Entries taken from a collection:

--

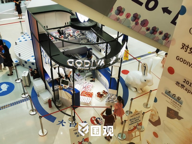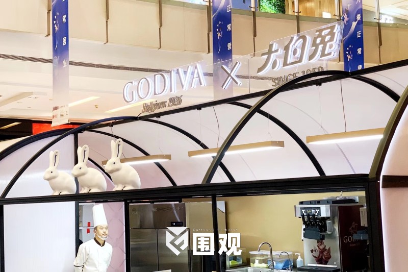 两大空间,分别是GODIVA的专属产品冰淇淋售卖空间,和大白兔的衍生品产品售卖空间。
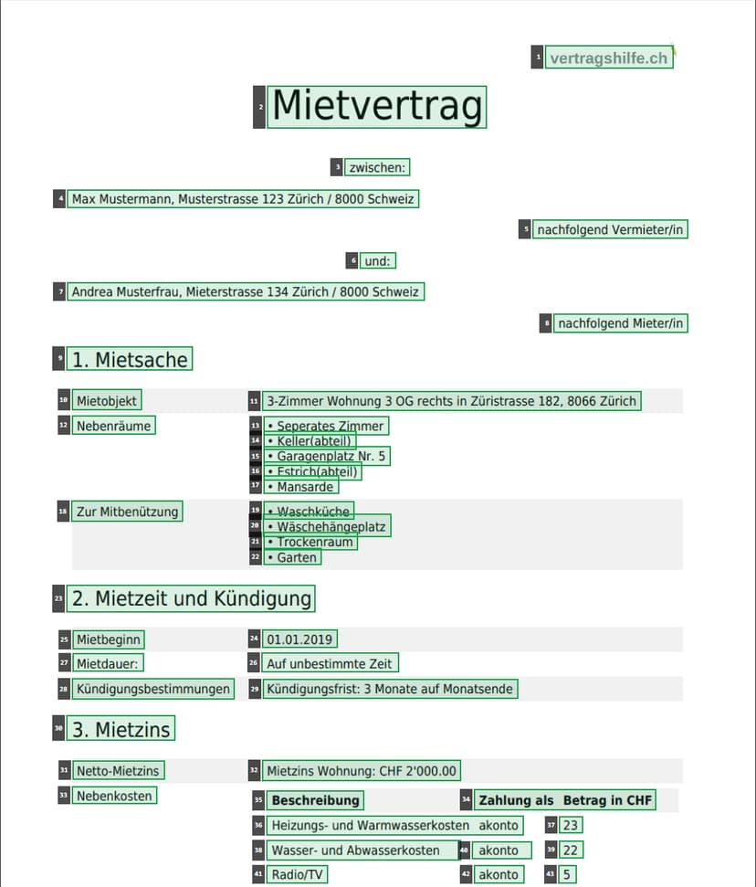 - Deep Structure Recognition: Erfassung komplexer Gliederungen (z. B. I. 1. a) aa)) und Randnummern.
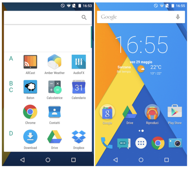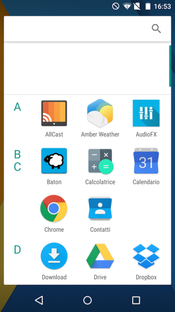 Infine, il nuovo launcher utilizzato da Android M. Si installa solo sui device con Lollipo ed è richiesta l’ app Avvio applicazioni Now.
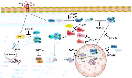 Schematic representation of NiV innate immune modulation in humans. NiV uses several immune modulation mechanisms to alter type I interferon (IFN-I) production and signaling. TLR and RLR detection of NiV RNA leads to IFN-I and IFN-stimulated gene (ISG) activation; however, several NiV proteins interfere in this process at different levels: NiV-V can prevent RIG-I, MDA5, and LGP2 stimulation. Conjointly with NiV P, NiV-V can also prevent STAT phosphorylation. NiV-N can inhibit STAT dimerization and also its nuclear importation. In addition, NiV-W prevents STAT1 and STAT2 nuclear exportation. NiV-M induces the degradation of TRIM6, thus preventing IKKε ubiquitination (Ub), oligomerization, and phosphorylation (P). NiV-C inhibits IKKα/β dimerization, necessary to activate IRF3 and IRF7, and in the same pathway, NiV-W protein inhibits nuclear transport of phosphorylated IRF3/7 dimers. Altogether, these mechanisms prevent the expression of IFN-I and ISG genes.
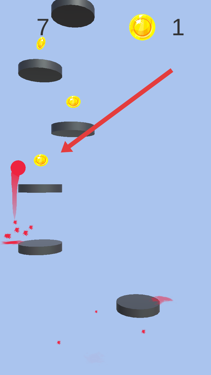1、操控红色小球跳跃,踩踏黑色圆盘向上移动,同时收集黄色金币,注意避开圆盘间隙,防止掉落。

--

Problem to solve:
Write out the lines of the entries above exactly, beginning with the first and ending with the line that contains "Infine, il nuovo". No picture goes in.

Solution:
 两大空间,分别是GODIVA的专属产品冰淇淋售卖空间,和大白兔的衍生品产品售卖空间。
 - Deep Structure Recognition: Erfassung komplexer Gliederungen (z. B. I. 1. a) aa)) und Randnummern.
 Infine, il nuovo launcher utilizzato da Android M. Si installa solo sui device con Lollipo ed è richiesta l’ app Avvio applicazioni Now.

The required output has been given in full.